▶ [Task]:
What's needed is an exact copy of the lines from the one that contains "CZ Wedding Set, featuring" to the end of the data below, leaving the pictures out.

[Data for this exercise Boundary: Start]

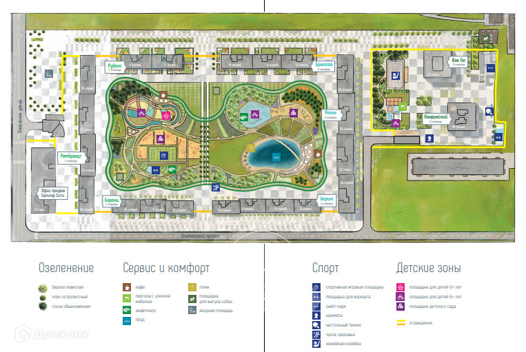 - Европейский подход к благоустройству от бюро WOWHaus: детские площадки для разных возрастов, спортивные площадки, площадки воркаута, дорожки для бега и пеших прогулок, скейтпарк, хоккейная площадка, площадка для выгула собак
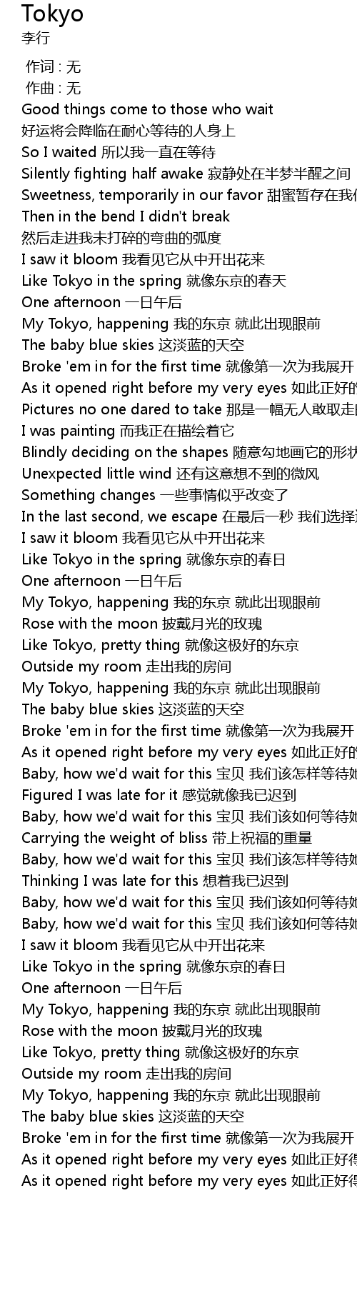 | [02:34.914] | Like Tokyo in the spring jiu xiang dong jing de chun ri |
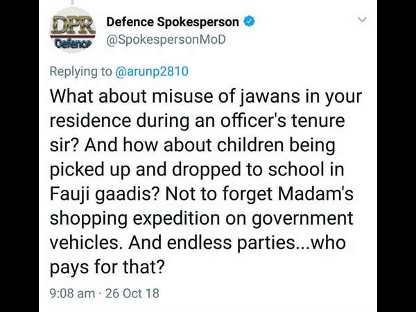 ಇದಕ್ಕೆ ರಕ್ಷಣಾ ಸಚಿವಾಲಯದ ಅಧಿಕೃತ ಖಾತೆ ಬಳಸಿ ಪ್ರತಿಕ್ರಿಯೆ ನೀಡಿದ್ದ ವಕ್ತಾರ, 'ನಿಮ್ಮ ಅಧಿಕಾರದ ಅವಧಿಯಲ್ಲಿ ಮನೆಯಲ್ಲಿ ಸೈನಿಕರನ್ನು ದುರ್ಬಳಕೆ ಮಾಡಿಕೊಳ್ಳುವುದರ ಬಗ್ಗೆ ಏನು ಸರ್? ಮಕ್ಕಳನ್ನು ಸೇನೆಯ ವಾಹನದಲ್ಲಿ ಶಾಲೆಗೆ ಕರೆದೊಯ್ಯುವ ಮತ್ತು ಮರಳಿ ತರುವ ಬಗ್ಗೆ ಏನು? ಸರ್ಕಾರಿ ವಾಹನಗಳಲ್ಲಿ ಮೇಡಂ (ಅಧಿಕಾರಿಯ ಪತ್ನಿ) ಅವರ ಶಾಪಿಂಗ್ ವೆಚ್ಚವಾಗುವುದನ್ನು ಮರೆಯುವಂತಿಲ್ಲ. ಮತ್ತು ಲೆಕ್ಕವಿಲ್ಲದಷ್ಟು ಪಾರ್ಟಿಗಳು... ಅವುಗಳಿಗೆ ಯಾರು ಹಣ ನೀಡುತ್ತಾರೆ?' ಎಂದು ಬರೆದಿದ್ದರು.
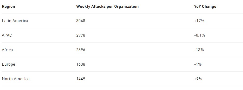 Dal punto di vista geografico, l’America Latina è l’area più colpita, con 3.048 attacchi per organizzazione a settimana (+17% su base annua). In Europa, dove si registra una leggera diminuzione dell’1%, l’Italia si conferma tra i Paesi più esposti, mentre in Nord America gli attacchi sono aumentati del 9%, anche a causa della crescita dei casi di ransomware.
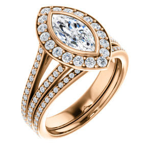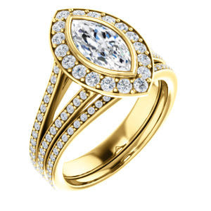 CZ Wedding Set, featuring The Maricela engagement ring (Customizable Bezel-Halo Marquise Cut Ring with Wide Tapered Pavé Split Band & Decorative Trellis)
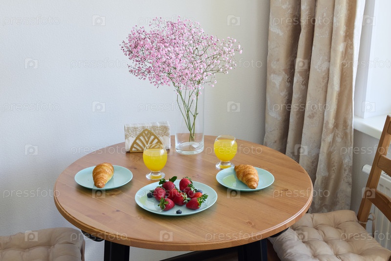 Красиво накрытый яркий стол для завтрака с вкуснейшими круассанами и свежей клубникой

[Data for this exercise Boundary: End]

▶ [Answer]:
 CZ Wedding Set, featuring The Maricela engagement ring (Customizable Bezel-Halo Marquise Cut Ring with Wide Tapered Pavé Split Band & Decorative Trellis)
 Красиво накрытый яркий стол для завтрака с вкуснейшими круассанами и свежей клубникой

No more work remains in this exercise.